Rolling a joint was often a communal act, sharing stories and spit in close proximity, something that had been lost in the isolation of quarantine.

I’m Changing My Relationship With Getting High

In the past six months, after 10 years of daily smoking, I’ve finally started to reconfigure my relationship with the plant. I know now that it’s the people I cherish, not the high. L.A. has proven itself a sort of existential reckoning. There’s the endless cornucopia of herbs, tinctures, dabs, extracts, ointments, edibles—all an app away and comparatively affordable. But the problem isn’t the weed itself. L.A. provides a lot of indulgences to numb away the constant droll of a seasonless Alexandria. I understand the desire to lose time, especially these days. Without discipline, it’s easy to lose yourself to the vast indulgences offered by the city. Earlier this year, something shifted. Throughout the years, I attempted little breaks from weed but never succeeded for more than three days.
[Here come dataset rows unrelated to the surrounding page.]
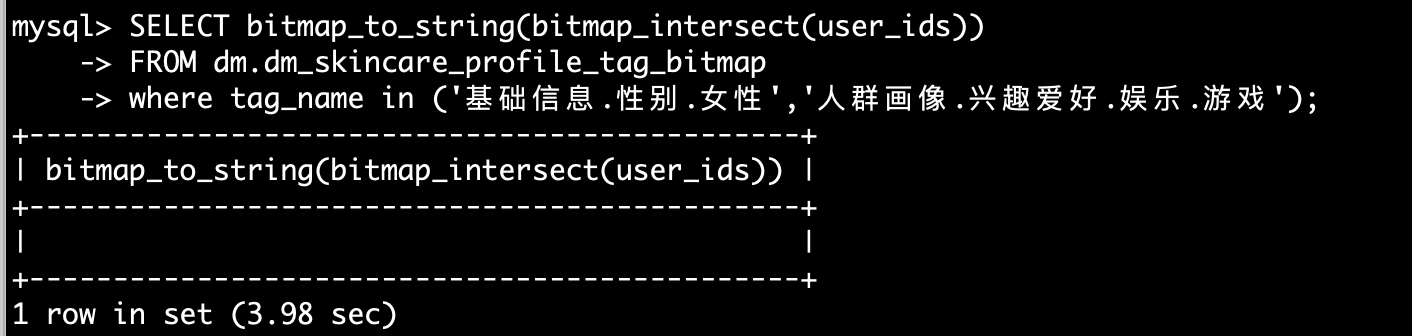 【详述】使用bitmap存储用户画像的标签数据,在使用相关函数时不能正确返回结果。
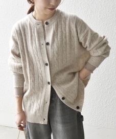 〔ONE SIZE〕《追加予約》【WEB限定】SHIPS any:〈手洗い可能〉ヤク ケーブル クルーネック ニット カーディガン 2
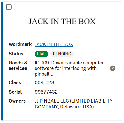 Cela fait quelques temps que l’on a pas d’actu du côté de Jersey Jack Pinball (en attendant l’arrivée du prochain flip – Sonic), et on a appris cette semaine que JJP a déposé une nouvelle marque : « Jack In The Box ».
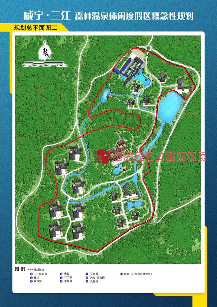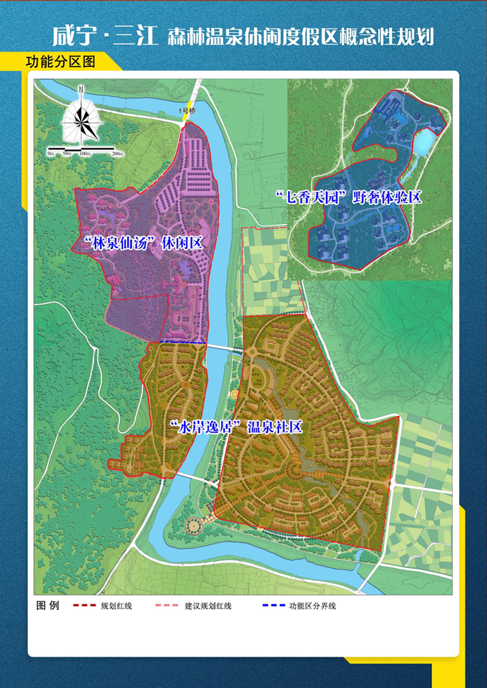 (1)“林泉仙湯”休閑區(qū)(2)“水案逸居”度假社區(qū)(3)“七香天園”野奢體驗區(qū)
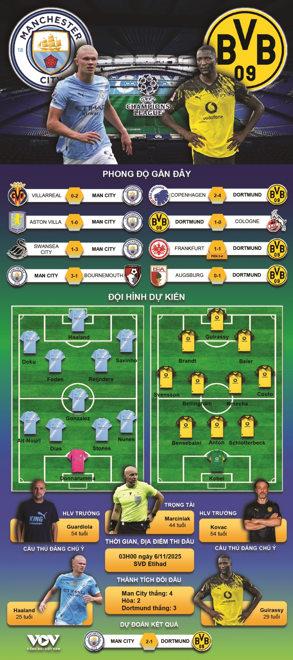 Trận đấu giữa Man City vs Dortmund sẽ diễn ra vào 3h00 ngày 6/11.
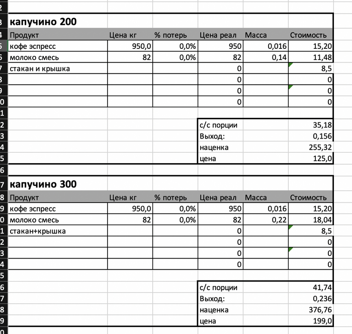 К этой табличке у меня привязывается еще два листа - расчет себестоимости и наценки. Наценку считаю по основным позициям - молочные напитки.
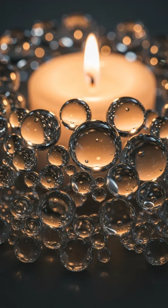 Buy or craft clear-glass orbs or round beads. Arrange them in clusters around a votive holder like frozen bubbles. Add cool light underneath to push glow through clear spheres.

But one day, fraught with generalized existential pandemic despair, I sat on my floor and lit a candle and prayed. Not specifically about weed but for change. We lost so much these past two years, and I didn’t want to lose anymore. So I prayed. Three days passed, and I had no cravings—then a week, then a month. I pick up the habit again every now and then, but my relationship with weed has been fundamentally altered. No longer a daily supplement, I treat the plant as I should—a positive and occasional relief, like a glass of wine at the end of a work week.